Devlin - Sure. They're very busy people, the polke. There's so much for them to do. They've got so much to take care of, to keep their eye on. They keep getting signals, mostly in code. There isn't one minute of the day when they're not charging around one corner or another in the world, in their police cars, ringing their sirens. So you can take comfort from that, at least. Can't you? You'll never be lonely again. You'll never be without a police siren. I promise you. (Pause). Listen. This chap you were just talking about... I mean this chap you and I have been talking about... in a manner of speaking... when exactly did you meet him? I mean when did all this happen exactly? I haven't... how can I put this... quite got it into focus. Was it before you knew me or after you knew me? That's a question of some importance. I'm sure you'll appreciate that.
Rebecca - By the way, there's something I've been dying to tell you.
Devlin - What ?
Rebecca - It was when I was writing a note, a few notes for the laundry. Well... to put it bluntly... a laundry list.
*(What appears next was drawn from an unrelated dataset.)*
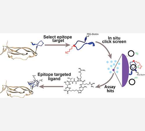 通過(guò)使用大型肽庫(kù),對(duì)蛋白質(zhì)靶標(biāo)進(jìn)行廉價(jià),高度穩(wěn)定和模塊化的基于肽的合成親和劑(PCC)的快速開(kāi)發(fā)過(guò)程。信用:經(jīng)Heather D. Agnew等的許可轉(zhuǎn)載。

Well, I put my pen on that little coffee table and it rolled off.
Devlin - No ?
Rebecca - It rolled right off, onto the carpet. In front of my eyes.
Devlin - Good God.
Rebecca - This pen, this perfectly innocent pen.
Devlin - You can't know it was innocent.
Rebecca - Why not ?
Devlin - Because you don't know where it had been. You don't know how many other hands have held it, how many other hands have written with it, what other people have been doing with it. You know nothing of its history. You know nothing of its parents' history.
Rebecca - A pen has no parents.
Devlin - You can't sit there and say things like that.
Rebecca - I can sit here.
Devlin - You can't sit there and say things like that.
Rebecca - You don't believe I'm entitled to sit here? You don't think I’m entitled to sit in this chair, in the place where I live ?
Devlin - I’m saying that you're not entitled to sit in that chair or in or on any other chair and say things like that and it doesn't matter whether you live here or not.
Rebecca - I’m not entitled to say things like what?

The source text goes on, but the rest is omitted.